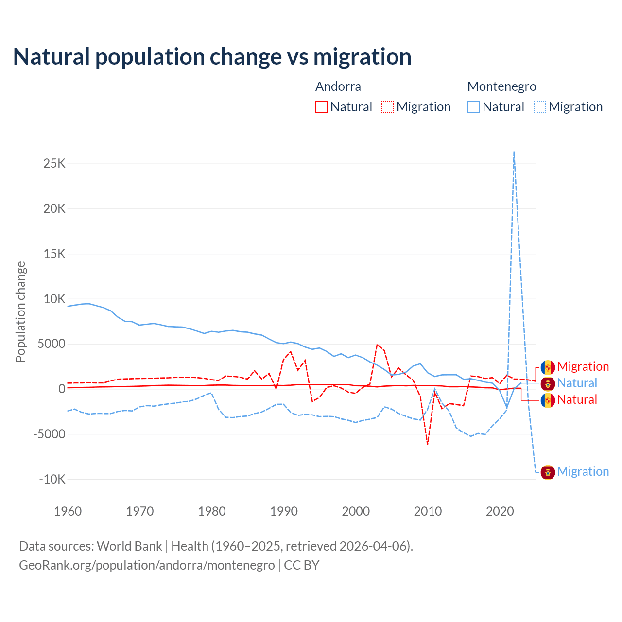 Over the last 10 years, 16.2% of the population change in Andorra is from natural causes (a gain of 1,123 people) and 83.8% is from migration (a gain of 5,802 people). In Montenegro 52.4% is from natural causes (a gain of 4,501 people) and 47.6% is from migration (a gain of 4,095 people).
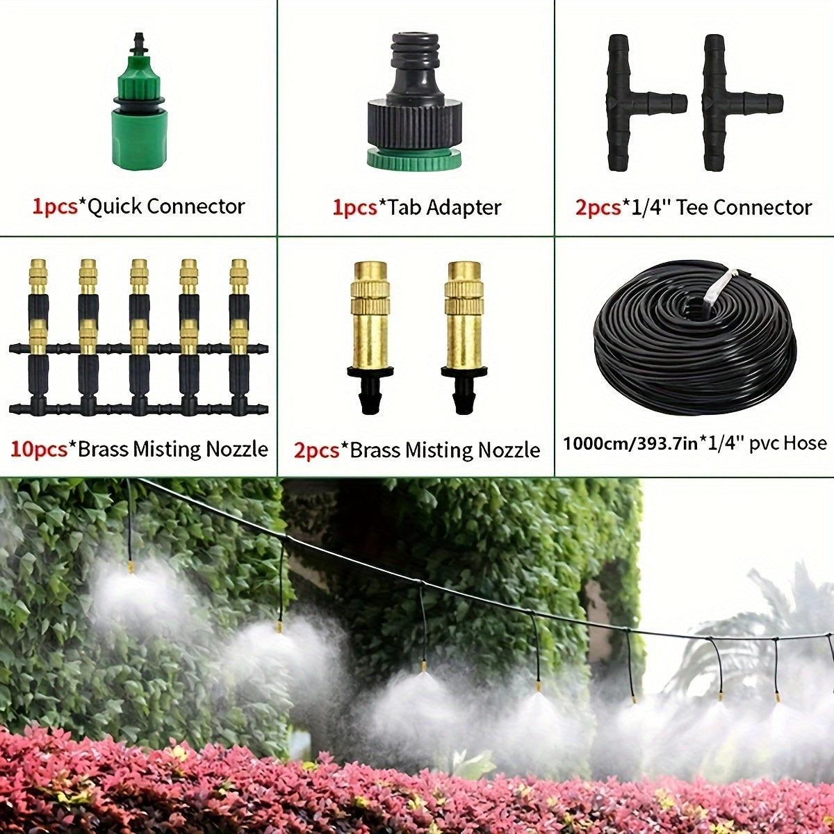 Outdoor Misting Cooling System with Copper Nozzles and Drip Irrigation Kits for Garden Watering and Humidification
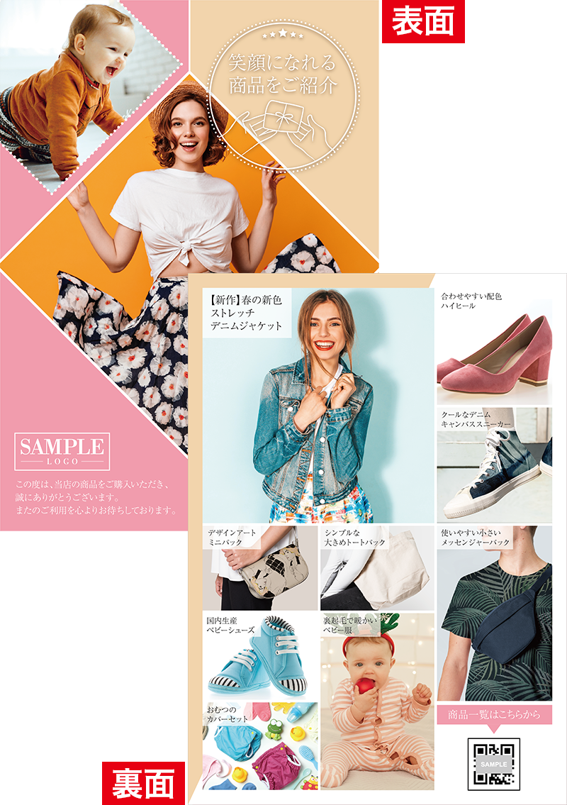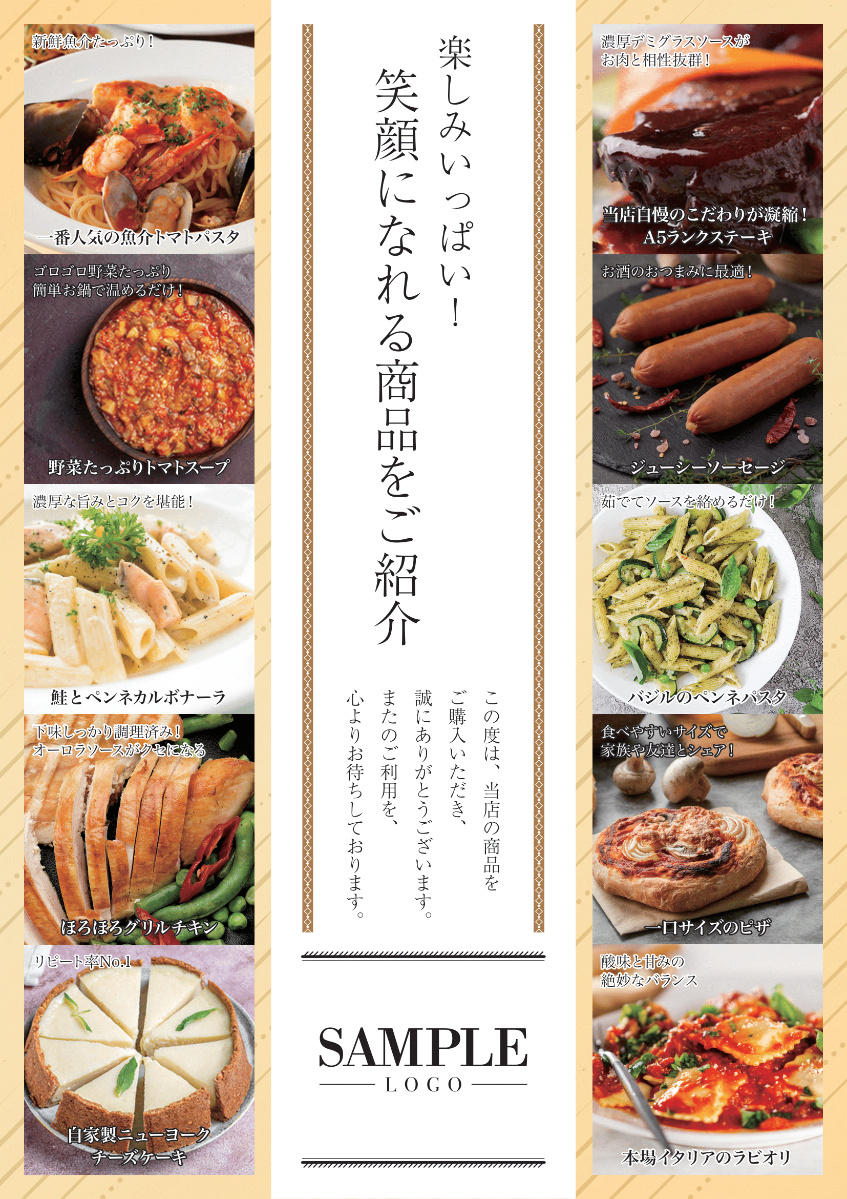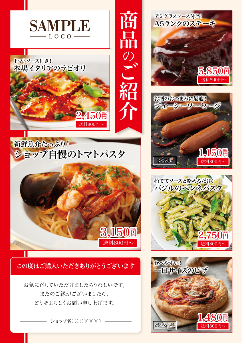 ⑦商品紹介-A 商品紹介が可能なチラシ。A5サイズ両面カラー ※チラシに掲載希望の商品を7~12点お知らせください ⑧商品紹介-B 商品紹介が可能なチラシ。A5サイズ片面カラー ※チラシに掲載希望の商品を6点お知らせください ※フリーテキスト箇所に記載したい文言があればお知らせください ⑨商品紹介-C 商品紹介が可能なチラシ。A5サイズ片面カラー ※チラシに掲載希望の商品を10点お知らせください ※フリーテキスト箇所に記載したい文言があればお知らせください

> [REQUIRED WORK] Transcribe the data word for word, with no images.

> [RESULT FOR THIS TASK]
 Over the last 10 years, 16.2% of the population change in Andorra is from natural causes (a gain of 1,123 people) and 83.8% is from migration (a gain of 5,802 people). In Montenegro 52.4% is from natural causes (a gain of 4,501 people) and 47.6% is from migration (a gain of 4,095 people).
 Outdoor Misting Cooling System with Copper Nozzles and Drip Irrigation Kits for Garden Watering and Humidification
 ⑦商品紹介-A 商品紹介が可能なチラシ。A5サイズ両面カラー ※チラシに掲載希望の商品を7~12点お知らせください ⑧商品紹介-B 商品紹介が可能なチラシ。A5サイズ片面カラー ※チラシに掲載希望の商品を6点お知らせください ※フリーテキスト箇所に記載したい文言があればお知らせください ⑨商品紹介-C 商品紹介が可能なチラシ。A5サイズ片面カラー ※チラシに掲載希望の商品を10点お知らせください ※フリーテキスト箇所に記載したい文言があればお知らせください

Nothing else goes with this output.